After a hard reset the last log lines from the system journal read:
Feb 06 09:37:16 example.org postfix/master[10461]: warning: unix_trigger_event: read timeout for service private/tlsmgr
Feb 06 10:04:58 example.org kernel: systemd-journal invoked oom-killer: gfp_mask=0x140cca(GFP_HIGHUSER_MOVABLE|__GFP_COMP), order=0, oom_score_adj=-250
[..]
Feb 06 10:04:59 example.org kernel: oom-kill:constraint=CONSTRAINT_NONE,nodemask=(null),cpuset=/,mems_allowed=0,global_oom,task_memcg=/system.slice/dnf-makecache.service,task=dnf,pid=1584309,uid=0
Feb 06 10:04:59 example.org kernel: Out of memory: Killed process 1584309 (dnf) total-vm:944600kB, anon-rss:817340kB, file-rss:0kB, shmem-rss:0kB, UID:0 pgtables:1772kB oom_score_adj:0
[..]
Feb 06 10:04:56 example.org dovecot[10353]: master: Warning: Time moved forwards by 5.880984 seconds - adjusting timeouts.
[..]
Feb 06 09:41:36 example.org systemd-networkd[10273]: enp0s3: Failed
[^--- sic, yes, shows up out-of-order in journalctl output]

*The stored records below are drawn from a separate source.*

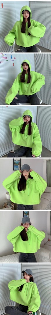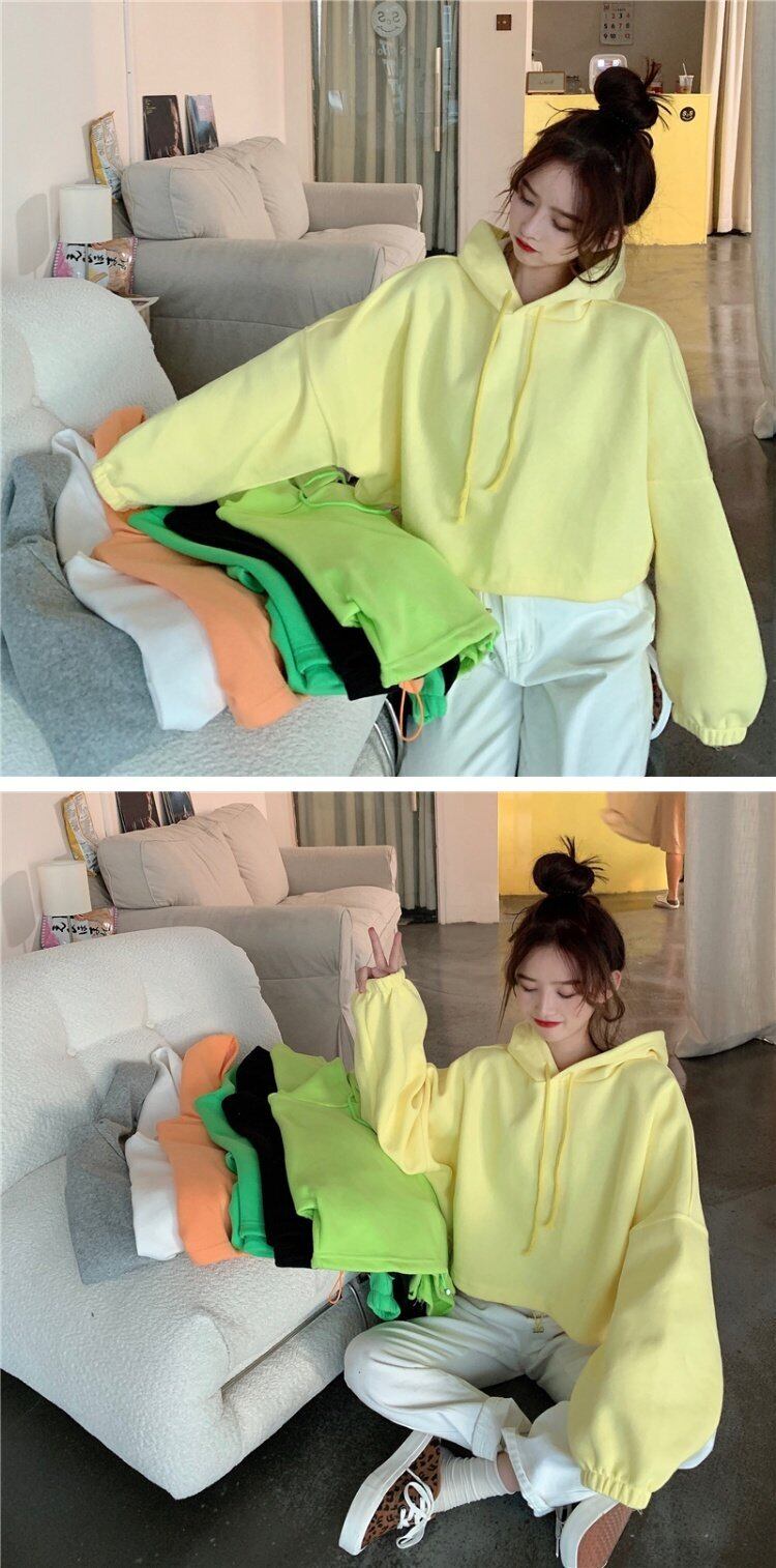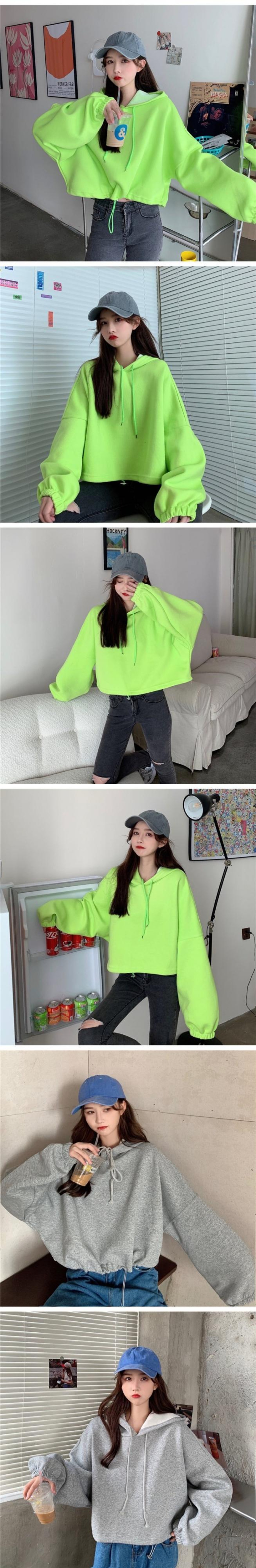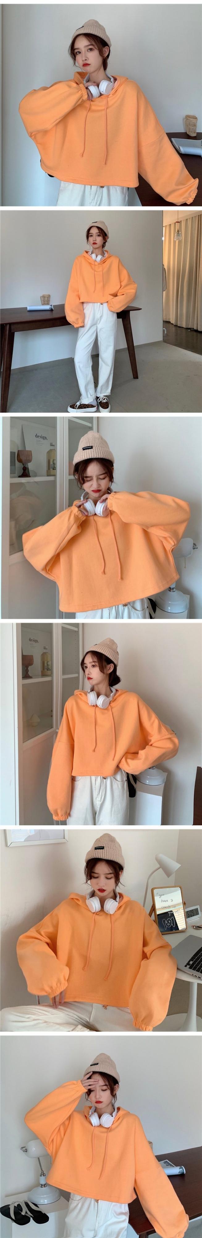 スプリング韓国ファッションスタイルショートトップス カラーオレンジフードセーター レディース ロング 春物 長袖 コーデ marchs6741502481981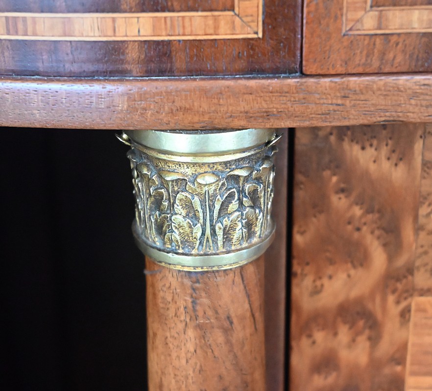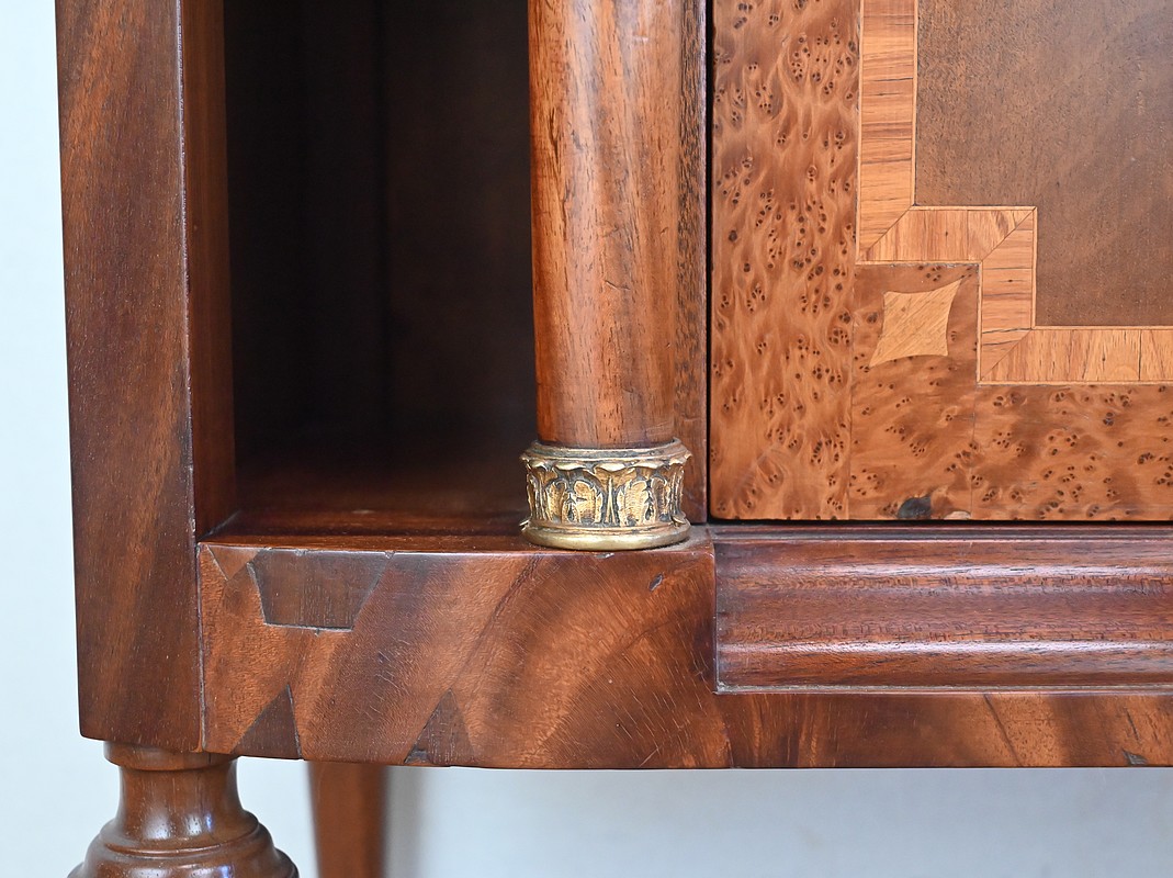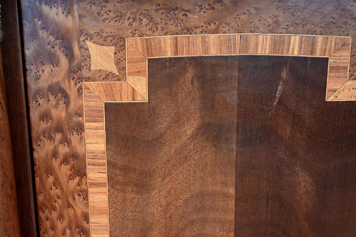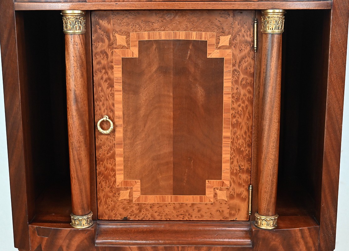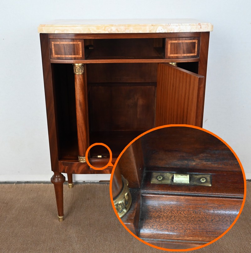 Il ouvre par une porte, sur pommelles laiton, marquetée en placage d’acajou souligné d’un filet de bois de rose et de buis. Son pourtour est en loupe de thuya. Un anneau ciselé en bronze permet le tirage.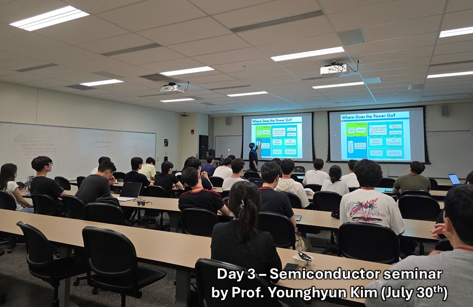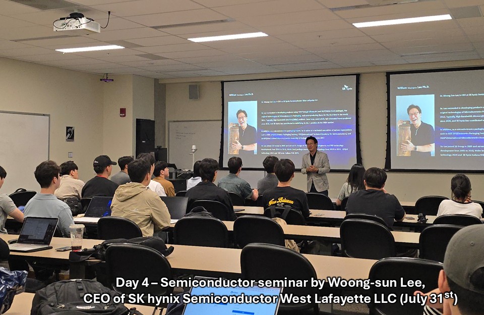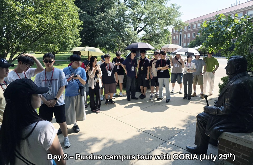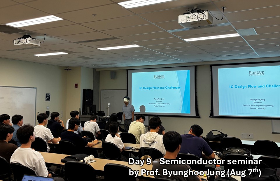 The program was facilitated by Prof. Martin Byung-Guk Jun, Director of Purdue’s international cooperation center CORIA (GITCC-CORIA), and Dr. Hyunmin Park, who supported overall program coordination and organized social activities (Day 1 and Day 6) as well as a campus tour (Day 2). Purdue faculty also contributed: Prof. Younghyun Kim, Associate Professor of Electrical and Computer Engineering (Day 3), and Prof. Byunghoo Jung, Professor of Electrical and Computer Engineering (Day 9), delivered seminars on semiconductor-related topics.
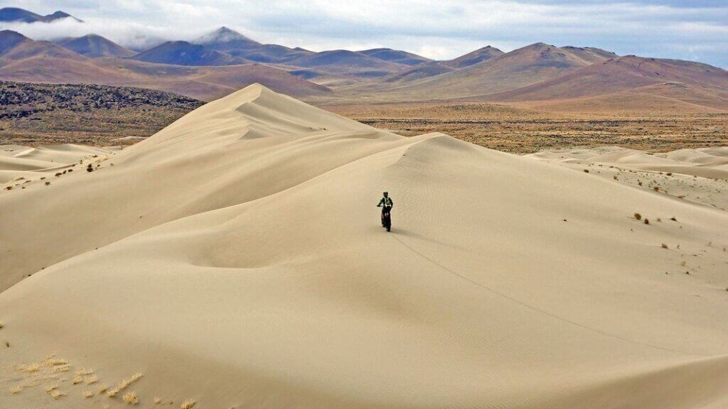 过去的6个月里,我们在内华达州来回奔波。雷竞技体育app我们去了沙山和Winnemucca沙丘骑沙。砂山非常棒,但大部分都是高高的沙丘。它们很适合骑车下山,但骑车上山太陡了,所以有很多“徒步自行车”。Winnemucca沙丘另一方面,他们有很大的流动。如果最近有降水,你基本上可以在任何地方骑上骑下。沙丘“永远”地延伸着。你可以全程在沙滩上骑行40英里。而且,光是在那里就很特别。感觉就像你被传送到了塔图因的沙漠(对你来说)星球大战像我这样的书呆子)。

Feb 06 10:04:56 example.org postfix/master[10461]: warning: unix_trigger_event: read timeout for service public/pickup
[..]
Feb 06 10:04:56 example.org dovecot[10353]: master: Error: service(imap-login): Initial status notification not received in 30 seconds, killing the process
Feb 06 10:04:56 example.org dovecot[10362]: imap-login: Fatal: master: service(imap-login): child 1584458 killed with signal 9
Feb 06 10:04:56 example.org postfix/tlsmgr[10953]: warning: end-of-input while reading request from tlsmgr socket: Broken pipe
[.. many repeats of above message ..]
Feb 06 10:05:03 example.org postfix/tlsmgr[10953]: warning: end-of-input while reading request from tlsmgr socket: Broken pipe
Feb 06 10:05:03 example.org postfix/tlsmgr[10953]: warning: end-of-input while reading request from tlsmgr socket: Application error
[.. many repeats of above message ..]
Feb 06 11:22:01 example.org postfix/tlsmgr[10953]: warning: end-of-input while reading request from tlsmgr socket: Application error
Feb 06 11:22:01 example.org postfix/tlsmgr[10953]: warning: end-of-input while reading request from tlsmgr socket: Application error
Feb 06 11:22:27 example.org systemd-journald[10176]: [] Suppressed 116313 messages from postfix.service
[^--- last message]
(Fedora 37, postfix-3.6.4-1.fc36.x86_64)
It looks like a similar issue reported a year ago to the postfix mailinglist that unfortunately didn't receive any replies.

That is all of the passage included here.